Before you start investing your money, it’s important to figure out what you need to do in order to maximize your returns and ensure that you are investing enough to build up the wealth you need to succeed in the long run.
Have you heard of the Rule of 72?
The Rule of 72 is a great tool that every investor should use – it helps you quickly understand how long it will take for money to double at a certain interest rate. It takes into account the impact of compound interest, allowing you to get a quick idea of what you can achieve with your money.
Let’s take a look at how this works.
How Long Will It Take to Double My Money?
If you want to quickly figure out how long it would take to double your money, use the rule of 72.
72 divided by interest rate = number of years to double your money
- If you receive a 6% interest rate, divide 72 by 6, which gives you 12. This means it will take you 12 years to double your money if it’s growing at a rate of 6%.
- If you receive a 8% interest rate, divide 72 by 8, which gives you 9. This means it will take you 9 years to double your money if it’s growing at the rate of 8%
- Suppose you invest Php 5,000 at a compound interest rate of 10%. The rule of 72 tells you that your money will double every seven years, approximately: Year 1 (Php 5,000), Year 7 (Php 10,000), Year 14 (Php 20,000), Year 21 (Php 40,000)
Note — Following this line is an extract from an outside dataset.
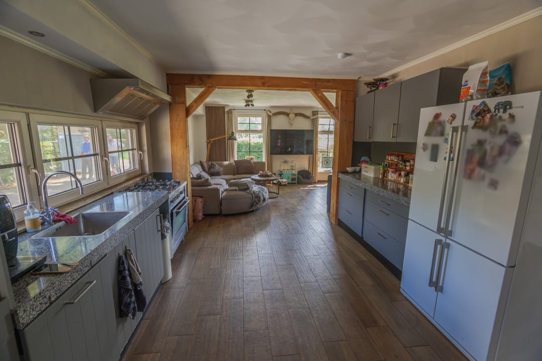 Voorop het terrein is een vrijstaande bedrijfswoning gevestigd. De woning met een oppervlakte van circa 155 m² is opgetrokken met stenen muren en het dak is bedekt met een rieten kap welke recent geheel onderhouden is. De bedrijfswoning verkeert ten opzichte van het oorspronkelijke bouwjaar 1979 in een uitstekende staat en beschikt over energielabel C. De indeling bestaat uit een entree met een hal die doorgang geeft tot de keuken, welke voorzien is van een keukenblok met gasfornuis, oven en magnetron. De keuken geeft een directe toegang tot de aangrenzende woonkamer. Er is een aparte ruimte die momenteel functioneert als opslagkamer. Verder is er een badkamer voorzien van douche, ligbad en wastafel, en een separaat toilet. de trapopgang naar de eerste verdieping komt uit op een overloop welke in verbinding staat met twee ruime slaapkamers en een separaat toilet.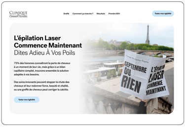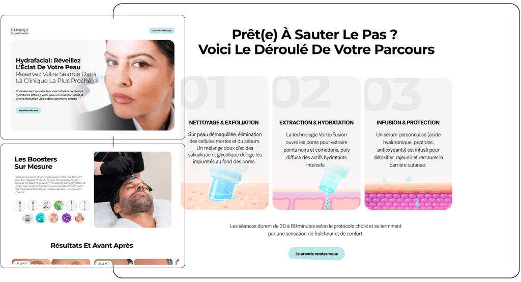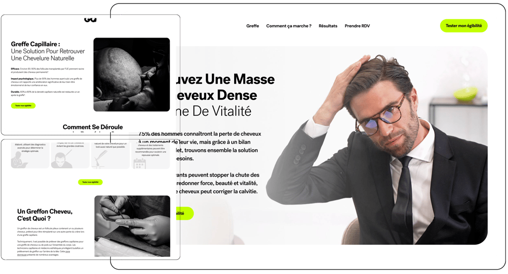 L’expérience est pensée pour convertir : parcours simplifié, CTA visibles, argumentaires clairs et rassurants. Chaque élément, du design au wording, renforce la crédibilité et l’expertise médicale tout en offrant une expérience haut de gamme et accessible.

*We’re assuming the interest is annually compounded. This rule is remarkably accurate as long as the interest rate is less than 20%
How Much Should My Interest Rate be to Double My Money?
You can also use the rule of 72 to quickly figure out how much the interest should be to double your money.
72 divided by the number of years to double your money = interest rate
- If you know you want to double your money in eight years, divide 72 by 8 to find that it will need to find a 9% interest rate to achieve that.
- If you know you want to double your money in ten years, divide 72 by 10 to find that it will need to find a 7.2% interest rate to achieve that.
When Will My Money be Half-Worth Due to Inflation?
You can also use the Rule of 72 to quickly estimate the impact of inflation on your portfolio (or better, the buying power of the earnings of your portfolio). You can use this to help you plan your retirement spending.
72 divided by inflation rate = number of years the value of the money will be reduced into half
- If inflation rate is 3%, it will take 24 years for the value of P1.00 to be worth Php0.50. If you plan on retiring in 24 years, you’re going to need about double your current expenses to live off of based on inflation.
Keep in mind that the Rule of 72 is just a guideline. This is simply a quick-math tool to help illustrate the impact that time and rate of return has on your money. Hope you learned something new. =)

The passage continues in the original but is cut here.